From SIAM News, Volume 37, Number 3, April 2004
Finding Information in Networks
By Prabhakar Raghavan
Consider a Web surfer performing a random walk on the Web -- after visiting a page, he proceeds on one of the outgoing hyperlinks from that page, chosen at random.* In the long run, such a walk will visit every Web page with a certain frequency. This quantity is a subtle measure of how "popular" each page is. To receive a high score, it does not suffice for a page to have many hyperlinks pointing into it; rather, it is the pages pointed to by many other highly referenced Web pages that will garner high scores. Inspired by methods from citation analysis, this scoring technique is used in Google and other Web search engines to decide which pages should rank highest in response to a query.
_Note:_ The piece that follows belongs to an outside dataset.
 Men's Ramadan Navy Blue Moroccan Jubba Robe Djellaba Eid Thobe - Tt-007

Such link analysis is but one visible example of the broader research area known as social network analysis, which originated with the following classic experiment carried out by Stanley Milgram in the 1960s. Milgram asked each of several volunteers in the Midwest to convey a letter to a target in Boston. The catch: A volunteer could send the letter only to someone she knew on a first-name basis; that person, in turn, would send it on to someone he knew. The goal was to get the letter to the target as quickly as possible. Milgram found that the median path length (the number of intermediaries en route to the target) for successful deliveries was six, leading to the popular notion that any two humans have at most "six degrees of separation."
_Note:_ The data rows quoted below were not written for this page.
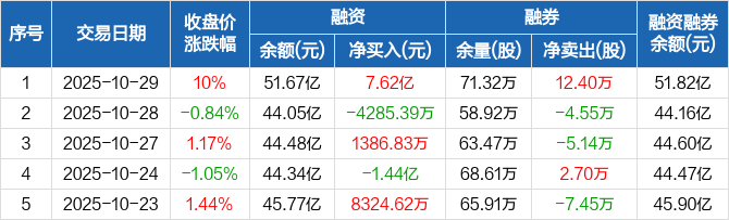 隆基绿能融资融券信息显示,2025年10月29日融资净买入7.62亿元;融资余额51.67亿元,较前一日增加17.31%。
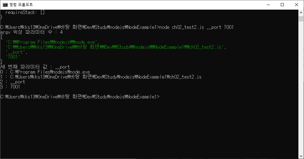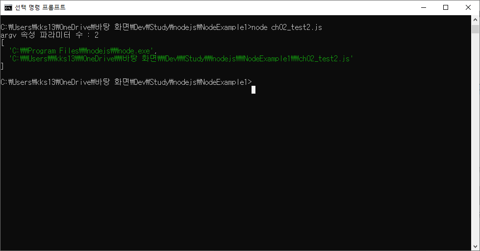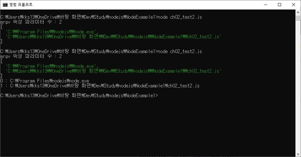 자바스크립트 파일을 실행하기 위해 사용한 node.exe 파일의 이름이 첫 번째 파라미터가 되고 자바스크립트 파일의 패스가 두 번째 파라미터가 된다.
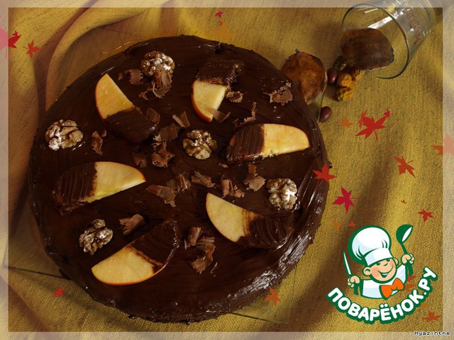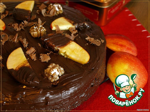 Через полчасика можно украсить тортик шоколадными яблочными дольками, орехами, шоколадной стружкой.
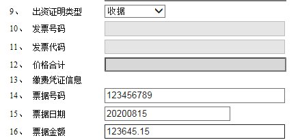 若选择收据填写:“收据号码”、“票据日期”、“票据金额”。
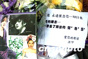 香港著名藝人梅艷芳喪禮將于1月11日設靈, 12日出殯,10日各地歌迷陸續(xù)來到香港殯儀館以各種形式悼念香港歌后梅艷芳.圖為歌迷寫上懷念的心意卡。中新社記者:洪少葵
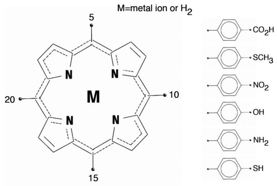 15]. The structure of a generic porphyrin and the porphyrin macrocycles with a set of common meso (5, 10, 15, and 20) aryl derivatives are shown in
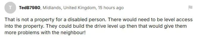 还有人称:“那套房子不适合残疾人士居住。房子需要有无障碍通道。他们如果把车道建高,只会给邻居带来更多麻烦!”

Over the last ten years, these ideas from social network analysis have progressed beyond networks of links between people. In our opening example, we discussed how links between Web pages could be useful in search engines. Other such networks include the network of calls between phone numbers, and the network of e-mails between users -- dense regions in these networks tend to form around participants with common interests. Another example comes from so-called recommendation systems deployed at e-commerce sites on the Web: By analyzing the links between people and the products they buy (as implicit in their purchases), the system recommends products that site visitors might be interested in, based on their and other users' past behavior. The simplest incarnation is a recommendation in the form "people who purchased this item also purchased ...."
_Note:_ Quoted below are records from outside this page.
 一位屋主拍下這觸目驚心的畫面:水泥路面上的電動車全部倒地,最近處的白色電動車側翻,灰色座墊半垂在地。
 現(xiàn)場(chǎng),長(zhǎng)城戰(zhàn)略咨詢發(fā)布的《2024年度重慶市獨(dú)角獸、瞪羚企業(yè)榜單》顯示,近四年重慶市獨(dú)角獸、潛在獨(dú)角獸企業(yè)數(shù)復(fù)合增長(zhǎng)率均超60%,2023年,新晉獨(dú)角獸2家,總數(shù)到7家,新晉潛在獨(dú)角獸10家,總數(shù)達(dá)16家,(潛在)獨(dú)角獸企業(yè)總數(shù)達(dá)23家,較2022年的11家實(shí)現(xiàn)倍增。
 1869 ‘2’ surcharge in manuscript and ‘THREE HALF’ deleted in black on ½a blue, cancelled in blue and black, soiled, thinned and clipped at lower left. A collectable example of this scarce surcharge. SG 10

While these examples are promising, much work remains to be done in this nascent area.
Recently, researchers have begun to explore so-called webs of trust -- networks in which a link from one user to another carries a real number denoting how much the first user trusts (or distrusts) the second. If A distrusts B and B distrusts C, what does that say about A's trust for C? If C likes a book, should A like it as well? Questions such as these must first be resolved at a philosophical level before being approached mathematically. Connecting people with information is a fundamental problem in today's economy. Mathematicians who study networks, interacting with researchers in other disciplines, will have an exciting role to play.
Prabhakar Raghavan is vice president and chief technology officer at Verity and a consulting professor of computer science at Stanford University.
* In the absence of an outgoing hyperlink, he jumps to a random Web page.